%%

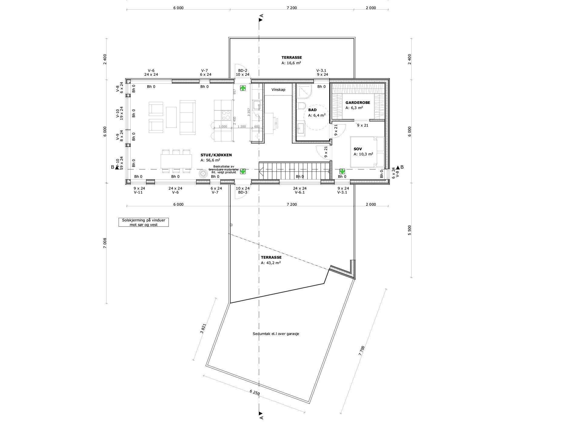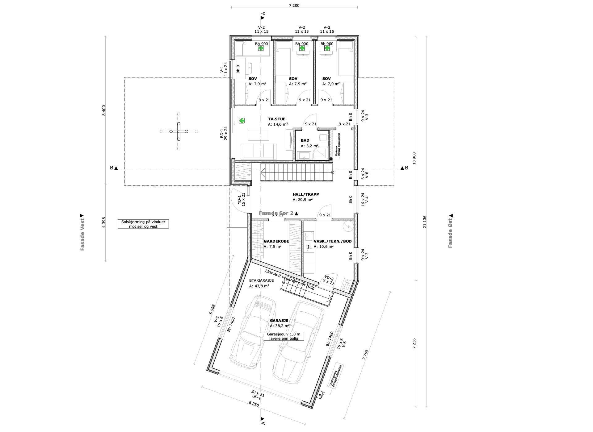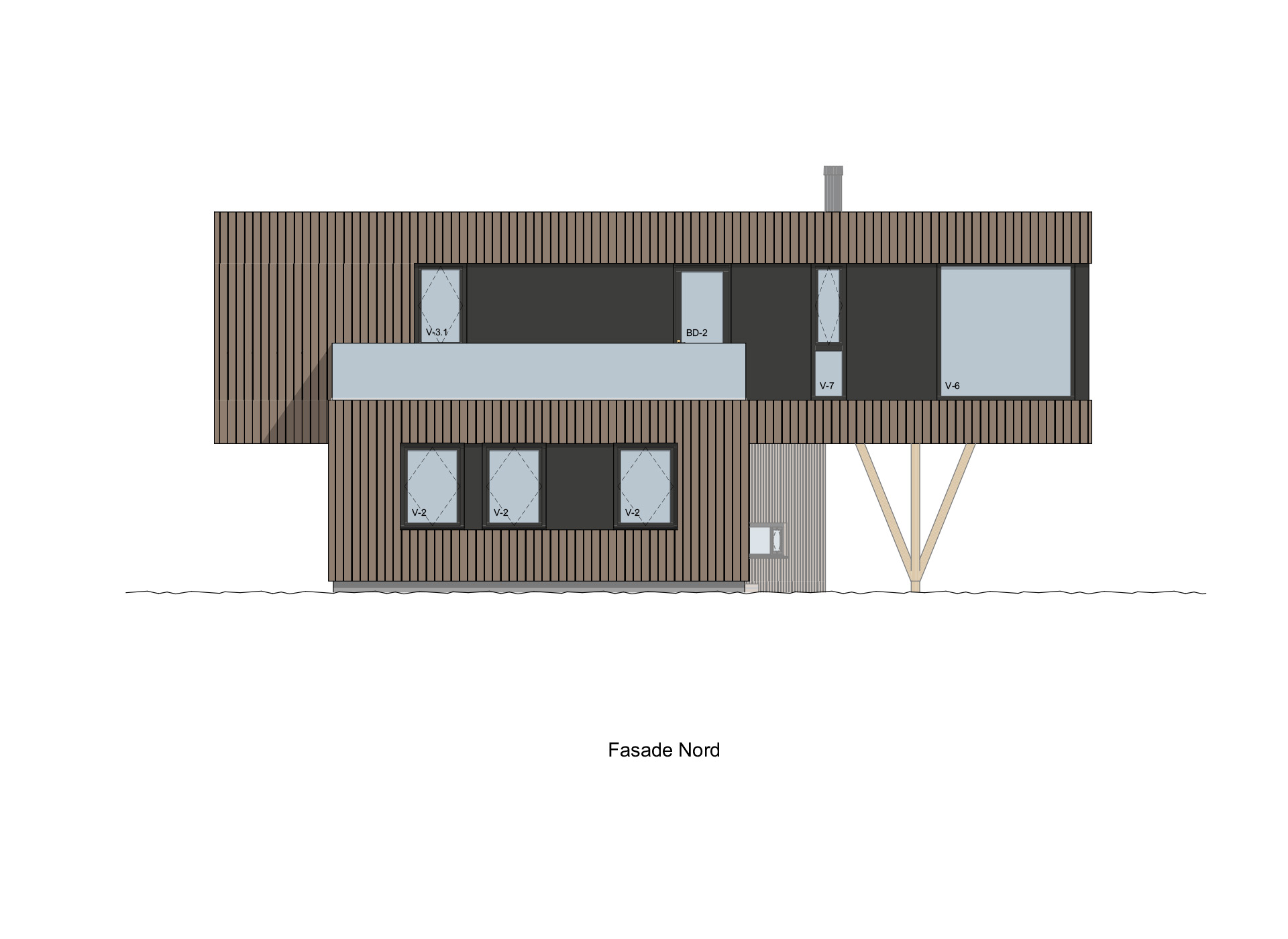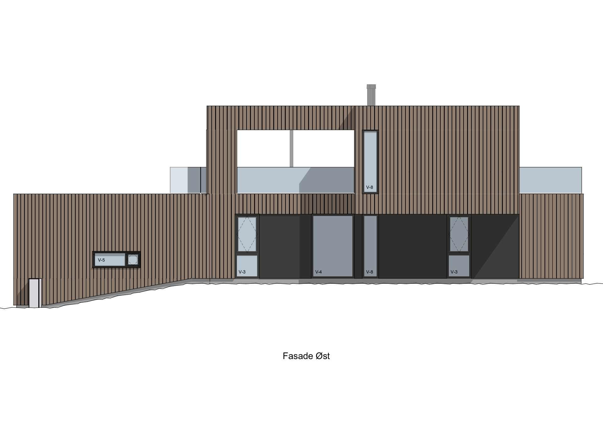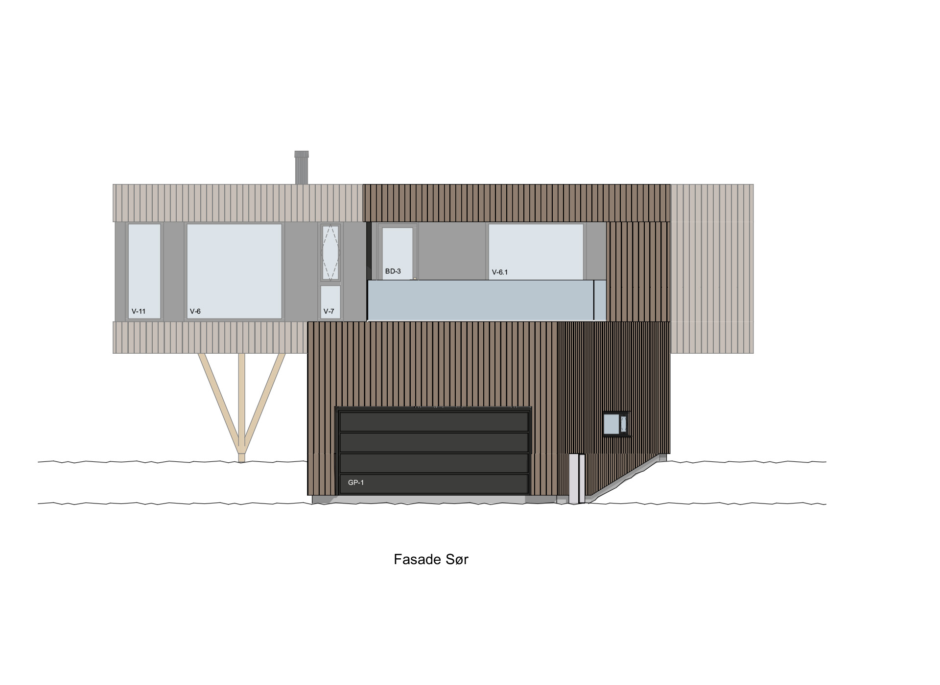 Det er ingen byggeklausul for Norgeshus men vi kan bistå med hjelp fra Norgeshus sine dyktige arkitekter. Det er laget en skisse som viser mulighet tomten har for en spesiell bolig, denne boligen er ikke kostnadsberegnet. Fasadetegninger og plantegning av skissert bolig
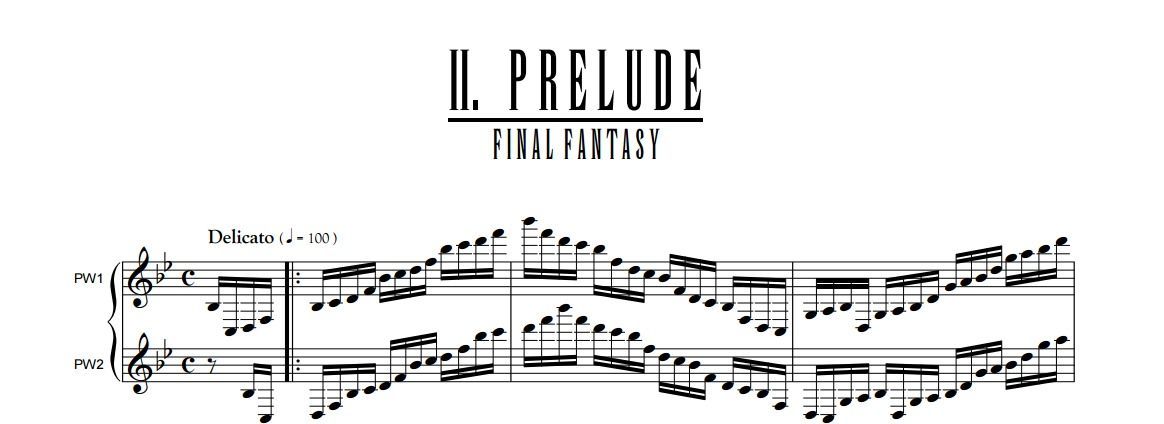 Todo comienza con una doble escalera de arpegios mayores y menores, una escalera que se entrelaza de manera ascendente y descendente cual ornamento arabesco y que Nobuo Uematsu colocó sabiamente para introducirnos en el universo de Final Fantasy, aquel juego que como bien se sabe salvó a Square en 1987 de la terrible bancarrota en la que anduvo metida. "Prelude" es la antesala a la mágica colección de partituras que veremos, una seña musical indiscutible y quizás la más importante de todas dada su permanencia.
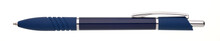Tmavě modrá gelová plastová propiska s pochromovanými doplňky s gelovou velkoobsahovou náplní.
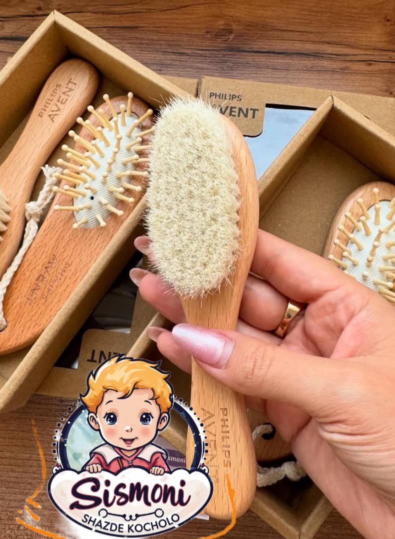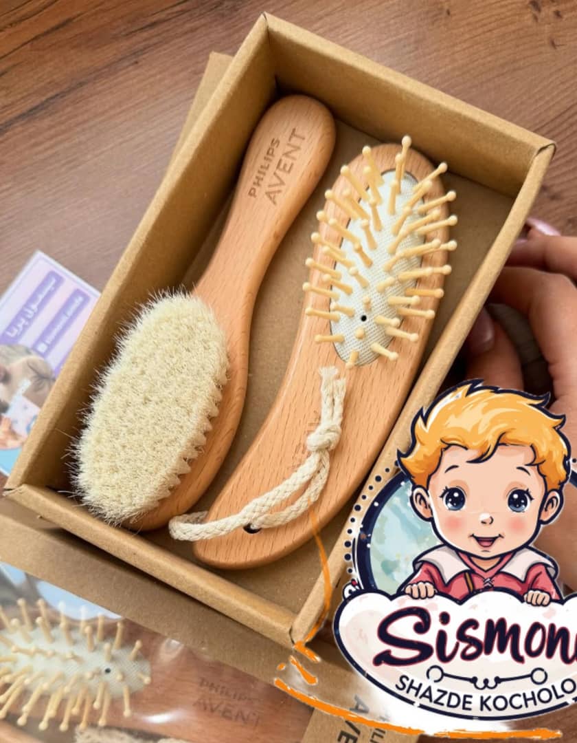 از برس دیگر که دارای دندانه های چوبی است می توانید زمانی که موهای فرزندتان رشد کردند استفاده کنید تا به کمک آن بتوانید گره موهای کودک را باز کرده و به موهای او حالت دهید.

%%

= PROBLEM TO WORK ON =
Only the pictures are dropped when you print the material; everything else is copied exactly.

= YOUR RESPONSE =
 Det er ingen byggeklausul for Norgeshus men vi kan bistå med hjelp fra Norgeshus sine dyktige arkitekter. Det er laget en skisse som viser mulighet tomten har for en spesiell bolig, denne boligen er ikke kostnadsberegnet. Fasadetegninger og plantegning av skissert bolig
 Todo comienza con una doble escalera de arpegios mayores y menores, una escalera que se entrelaza de manera ascendente y descendente cual ornamento arabesco y que Nobuo Uematsu colocó sabiamente para introducirnos en el universo de Final Fantasy, aquel juego que como bien se sabe salvó a Square en 1987 de la terrible bancarrota en la que anduvo metida. "Prelude" es la antesala a la mágica colección de partituras que veremos, una seña musical indiscutible y quizás la más importante de todas dada su permanencia.
Tmavě modrá gelová plastová propiska s pochromovanými doplňky s gelovou velkoobsahovou náplní.
 از برس دیگر که دارای دندانه های چوبی است می توانید زمانی که موهای فرزندتان رشد کردند استفاده کنید تا به کمک آن بتوانید گره موهای کودک را باز کرده و به موهای او حالت دهید.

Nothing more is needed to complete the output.